Втроём мы сели за стол, и Завалишин стал спрашивать Роста. Он, конечно, мигом вцепился в сараевское детство и ловко выскреб из Роста разные живописные подробности. Тот рассказывал, не скупясь, и газетчик наконец сказал: «А знаете, я вам очень, конечно, завидую. Предложили быть мне сжечь всю подсоветскую жизнь и прожить, трудясь где-нибудь на заводе или подметая улицы в свободной стране, – согласился бы не думая!» Рост покивал, но больше откровенничать не стал.

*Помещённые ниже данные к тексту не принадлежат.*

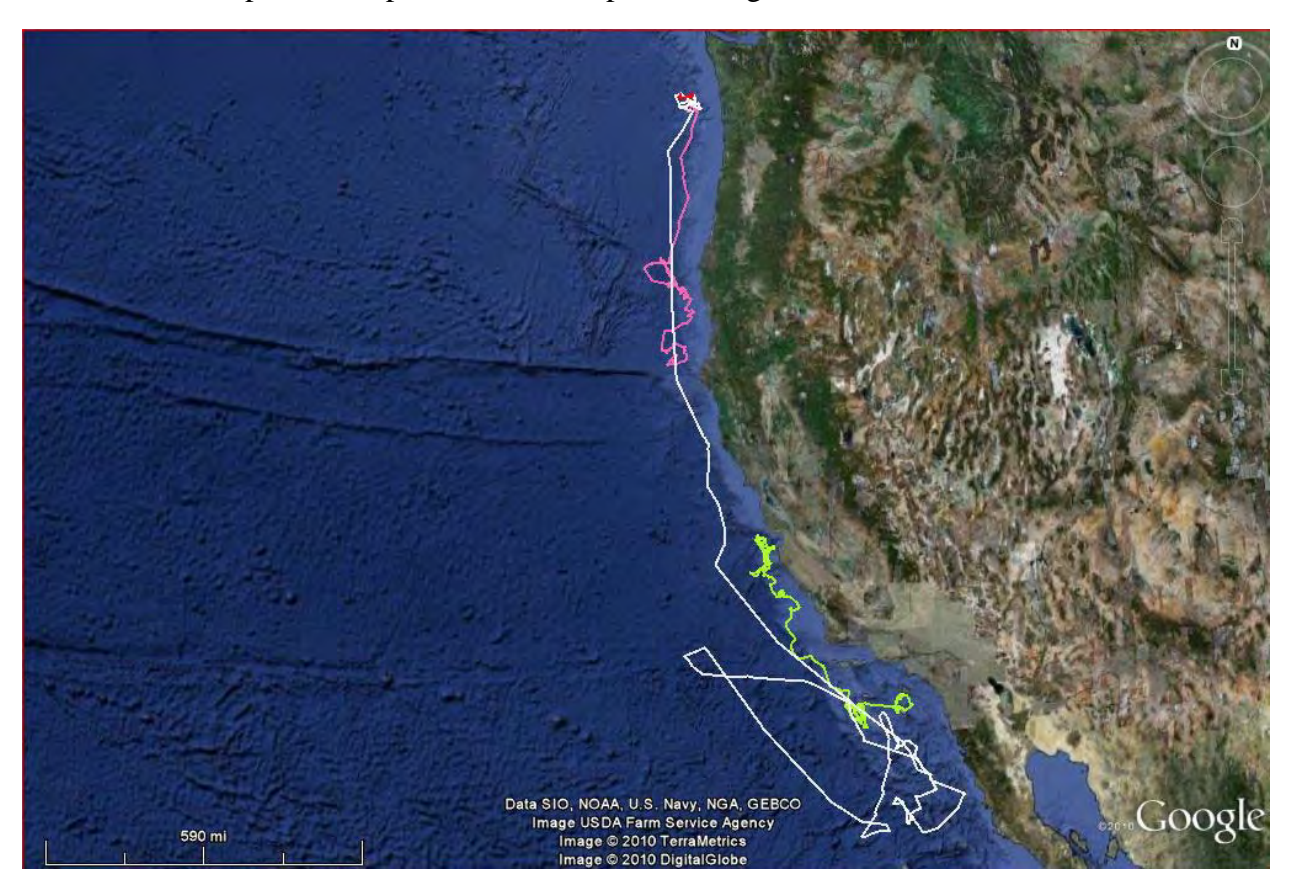
Figure 1. Map showing locations of tagged individuals. Bp 17 is represented by the red track (mostly obscured off the WA coast by movements of Bp 18 and Bp20), Bp 18 is represented by the white track, Bp 20 is the pink track, and Bp 21 is the green track.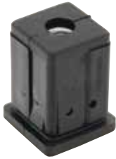
NDEQ25 -M10, M12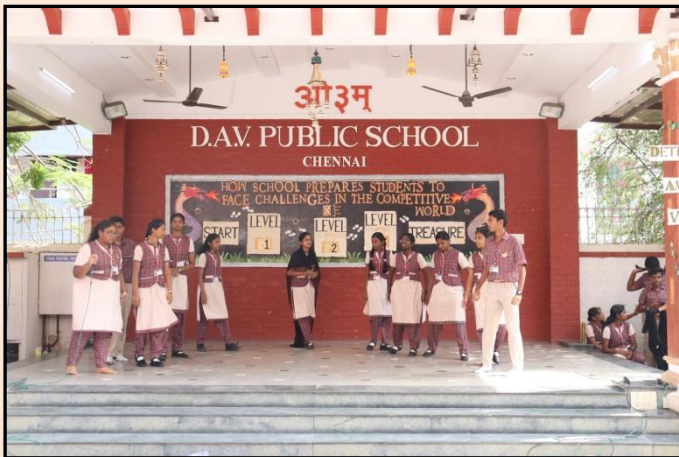
An arena of opposing views on Actions Vs Outcomes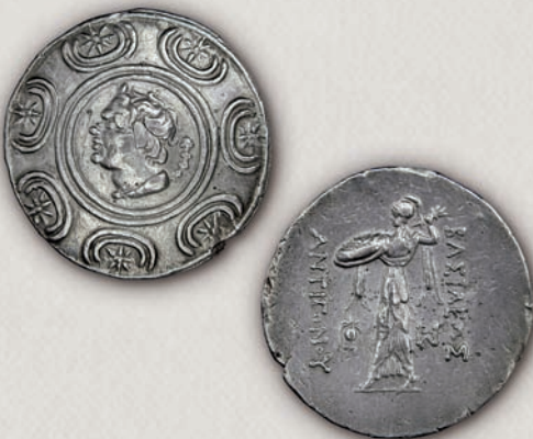
Antigonus II Gonatas tetradrachm, Amphipolis, after 271 BC

Following the example of his predecessors, Philip III issued gold staters, silver tetradrachms (141), drachms (142, 143) and bronze nominals (144), while it seems that king Cassander issued only bronze coins in his name (145-151). The need for larger denominations was met by the issues of the posthumous coins of Philip II and Alexander III.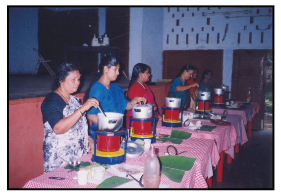
An energy efficient cooking contest after the clinic

Energy Clinic: EMC's experience shows that 10-15% energy savings can be achieved by simply creating awareness of energy efficiency. The Energy Clinic (known locally as Oorja Clinic) uses women volunteers as agents of change to educate housewives on energy conservation principles. EMC has trained 120 women volunteers throughout Kerala to organize demonstration classes on energy conservation in multiple villages, and is now in the process of selecting 300 more women volunteers for extending the reach of this programme in all the villages.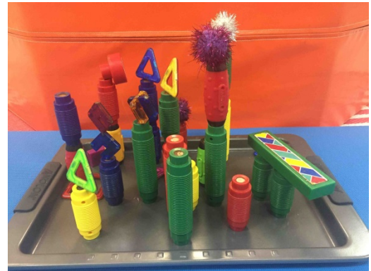
Figure 4 Magnetism Board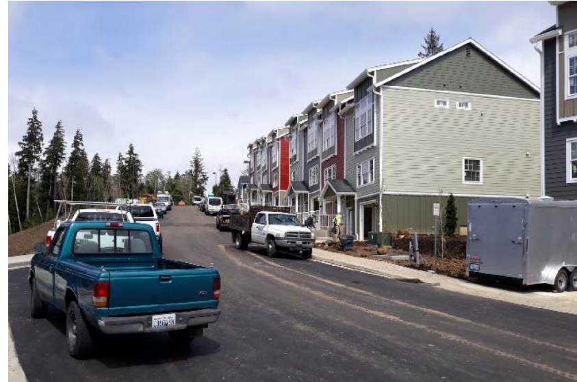
New Family Housing, Astoria OR

«Что ж, – сказал Завалишин, – а Вера… как ваше отчество? Степановна?.. Как вы её увидели, какой вам показалась девушка, выросшая в большевистской клетке?» Рост смутился и начал рассуждать издалека, приравнивая имя Вера к православной вере и так далее. Закончил тем, что ему показалось чудом, что в душе у студентки, родившейся после революции, выжила тяга к чудесному.

Мне надоело ждать, когда газетчик спросит меня хоть о чём-нибудь, – да и было противно, уже ничего не хотелось. Я встала и сказала: «Мне нужно в управление». «Подождите, – вскочил Завалишин, – я хотел спросить об идеале семьи! Немцы любят читать о перенятых традициях. Муж – глава семьи, жена – его уважаемый помощник. Как вам нравится такое после большевистского приравнивания женщины к орудию труда?»

Тут вмешался Рост. «Знаете, – сказал он, – нам важны именно русские традиции. Они могут, конечно, совпадать с немецкими, но мы давно дошли до взаимного почитания и уважения к традиции, когда мужчина строит, созидает, обеспечивает кров и достаток, а женщина наделяет всё это гармонией, создаёт эдакий купол дома, под которым всем хорошо и покойно».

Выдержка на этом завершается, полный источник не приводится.